If you need a field to be optional in Python, model it as nullable in the schema shape OpenAI accepts rather than relying on omitted required fields.

Rehydrate a durable run

from batchor import BatchRunner, SQLiteStorage


storage = SQLiteStorage(name="default")
runner = BatchRunner(storage=storage)

run = runner.get_run("batchor_20260329T120000Z_ab12cd34")
print(run.summary())

Deterministic sources

from batchor import BatchJob, BatchRunner, JsonlItemSource, OpenAIProviderConfig, PromptParts


source = JsonlItemSource(
    "input/items.jsonl",
    item_id_from_row=lambda row: str(row["id"]) if isinstance(row, dict) else "",
    payload_from_row=lambda row: {"text": row["text"]} if isinstance(row, dict) else {},
)

runner = BatchRunner()
run = runner.start(
    BatchJob(
        items=source,
        build_prompt=lambda item: PromptParts(prompt=item.payload["text"]),
        provider_config=OpenAIProviderConfig(model="gpt-4.1"),
    ),
    run_id="customer_export_20260403",
)

If the source file and job config still match the persisted checkpoint, calling start(job, run_id=...) again resumes ingestion from the last durable source position instead of duplicating already-materialized items.

To combine multiple deterministic sources into one logical run, wrap them explicitly in CompositeItemSource:

from batchor import (
    BatchJob,
    BatchRunner,
    CompositeItemSource,
    CsvItemSource,
    JsonlItemSource,
    OpenAIProviderConfig,
    PromptParts,
)


source = CompositeItemSource(
    [
        CsvItemSource(
            "input/items-a.csv",
            item_id_from_row=lambda row: row["id"],
            payload_from_row=lambda row: {"text": row["text"]},
        ),
        JsonlItemSource(
            "input/items-b.jsonl",
            item_id_from_row=lambda row: str(row["id"]) if isinstance(row, dict) else "",
            payload_from_row=lambda row: {"text": row["text"]} if isinstance(row, dict) else {},
        ),
    ]
)

runner = BatchRunner()
run = runner.start(
    BatchJob(
        items=source,
        build_prompt=lambda item: PromptParts(prompt=item.payload["text"]),
        provider_config=OpenAIProviderConfig(model="gpt-4.1"),
    ),
    run_id="customer_export_20260403",
)

CompositeItemSource keeps one logical ingest checkpoint for the run while auto-namespacing each child source's item_id, so duplicate row IDs across files can coexist. The original per-source row ID remains available under metadata["batchor_lineage"]["source_primary_key"], and the composite namespace is recorded under metadata["batchor_lineage"]["source_namespace"]. Input ordering is part of resume compatibility.

Parquet input sources

from batchor import BatchJob, BatchRunner, OpenAIProviderConfig, ParquetItemSource, PromptParts


source = ParquetItemSource(
    "input/items.parquet",
    item_id_from_row=lambda row: str(row["id"]),
    payload_from_row=lambda row: {"text": str(row["text"])},
    columns=["id", "text"],
)

runner = BatchRunner()
run = runner.start(
    BatchJob(
        items=source,
        build_prompt=lambda item: PromptParts(prompt=item.payload["text"]),
        provider_config=OpenAIProviderConfig(model="gpt-4.1"),
    ),
    run_id="customer_export_20260403",
)

Parquet support is library-only today and follows the same durable checkpoint rule as CSV and JSONL: resume requires the same run_id, the same job config, and the same source identity/fingerprint. Custom deterministic sources can implement CheckpointedItemSource, and CompositeItemSource can wrap those adapters too. Arbitrary generators and live DB cursors are still out of scope unless they can provide a durable resume checkpoint.
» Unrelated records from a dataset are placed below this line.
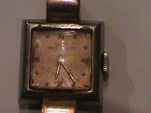 This watch looks to be a rose colored gold. frame around the face is silver in color. the inside face is a rose color, or light pink maybe with the numbers 3, 6, 9, and 12 in roman numerals. The rest of the numbers are just like gold dots. I haven't cleaned this item due to the fact that I'm not sure how to. The band has several marks on it as you can see from the pictures. On the face of the watch it says: Solvil, and under that it says Paul Ditisheim, and under that says Geneve. The watch is rose gold colored, and very beautiful.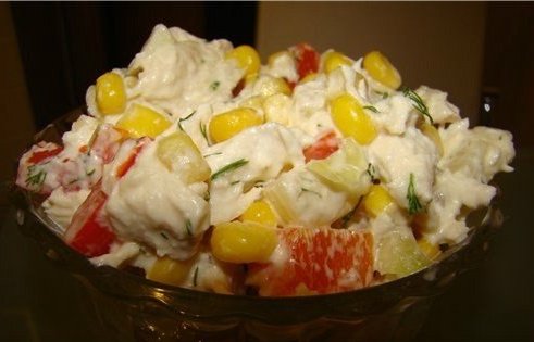 Аврора писал(а): Порезано было кубиками, заправлено майонезом, очень вкусно. спасибо, приму к сведению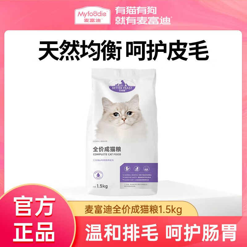 麦富迪(Myfoodie)麦富迪猫粮贝特鲱系列全价营养天然高蛋白成猫幼猫全猫种通用型 [三文鱼 鸡肉营养配方]成猫粮 1.5kg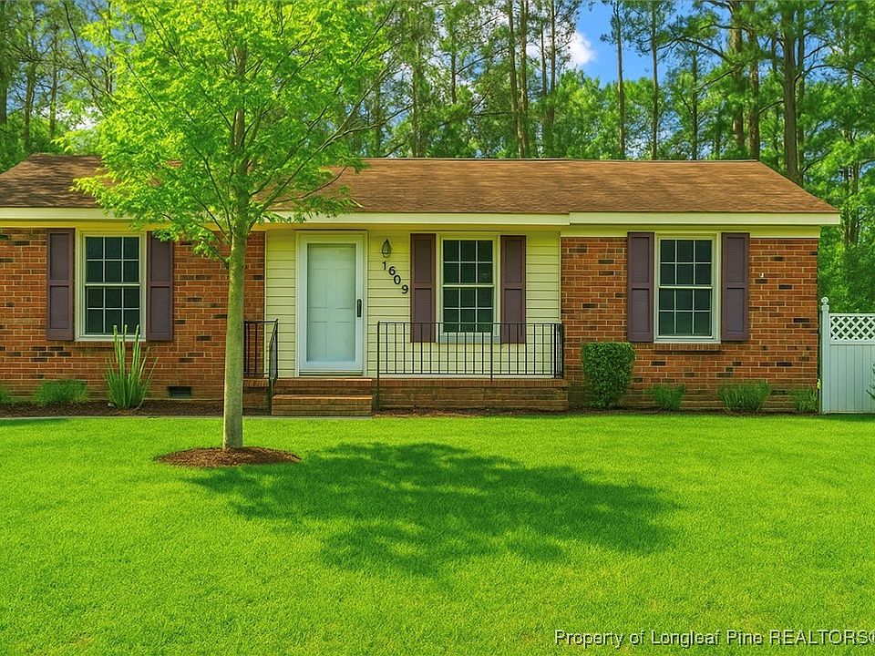 This 3 bed 2 bath well-cared-for home close to Fort Bragg and all your needs offers a bright and spacious living room, a newly updated kitchen featuring brand new stainless steel appliances, and an adjacent dining area perfect for family meals or entertaining! A cozy den with a charming fireplace provides an inviting second space to unwind! Both bathrooms have been recently updated, adding a modern touch throughout. Additional highlights include a convenient laundry room with washer and dryer hookups, and a fully fenced backyard with a beautiful large brick patio—ideal for outdoor living! Longtime tenant has truly loved and cared for this home, making it a wonderful opportunity for the next owner. **NEW Lennox Elite 16, 3 Ton HVAC system installed 7/2/25 **NEW roof installed 8/13/25!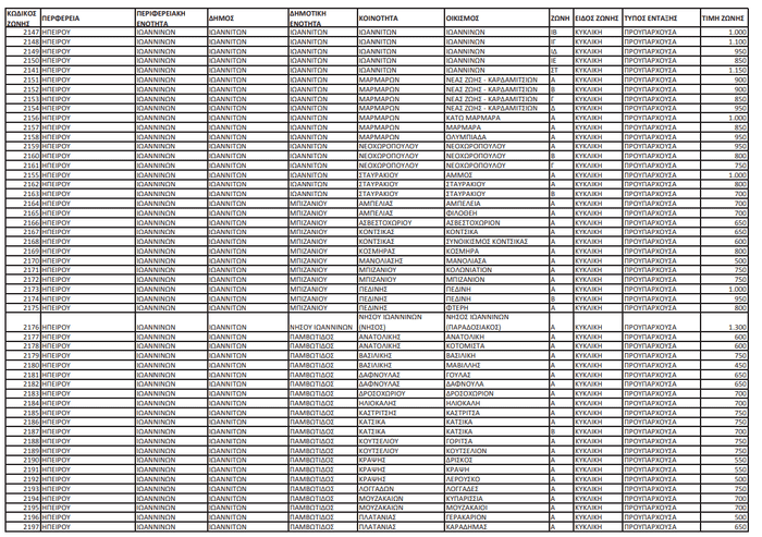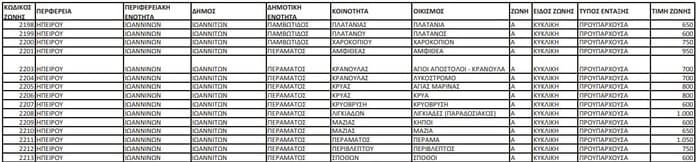 Αναλυτικά οι τιμές στο Δήμο Ιωαννιτών

Run control and incremental terminal results

from batchor import BatchRunner, RunControlState, SQLiteStorage


runner = BatchRunner(storage=SQLiteStorage(name="default"))
run = runner.get_run("batchor_20260403T120000Z_ab12cd34")

run.pause()
assert run.summary().control_state is RunControlState.PAUSED

run.resume()
page = run.read_terminal_results(after_sequence=0, limit=100)
export = run.export_terminal_results(
    "exports/partial-results.jsonl",
    after_sequence=0,
    append=False,
    limit=100,
)
print(page.next_after_sequence, export.exported_count)

run.cancel()

Run control and incremental terminal-result APIs are Python-first in this release. The CLI does not yet expose pause, resume, cancel, or incremental terminal-result export commands.

CLI quickstart

The CLI is intentionally narrower than the Python API:

file-backed inputs only
CSV and JSONL only
SQLite-backed durable runs only

Start a run from JSONL:

batchor start \
  --input input/items.jsonl \
  --id-field id \
  --prompt-field text \
  --model gpt-4.1

--input is repeatable. When you pass multiple files, the CLI composes them into one deterministic source in the order given:

batchor start \
  --input input/items-a.csv \
  --input input/items-b.jsonl \
  --id-field id \
  --prompt-field text \
  --model gpt-4.1

For repeated --input, the CLI keeps one durable run and one logical source checkpoint. Result item_id values are auto-namespaced per input source so duplicate row IDs across files do not collide, while the original row ID remains under metadata.batchor_lineage.source_primary_key. Changing the --input order changes the logical source identity and breaks resume compatibility for the same run_id.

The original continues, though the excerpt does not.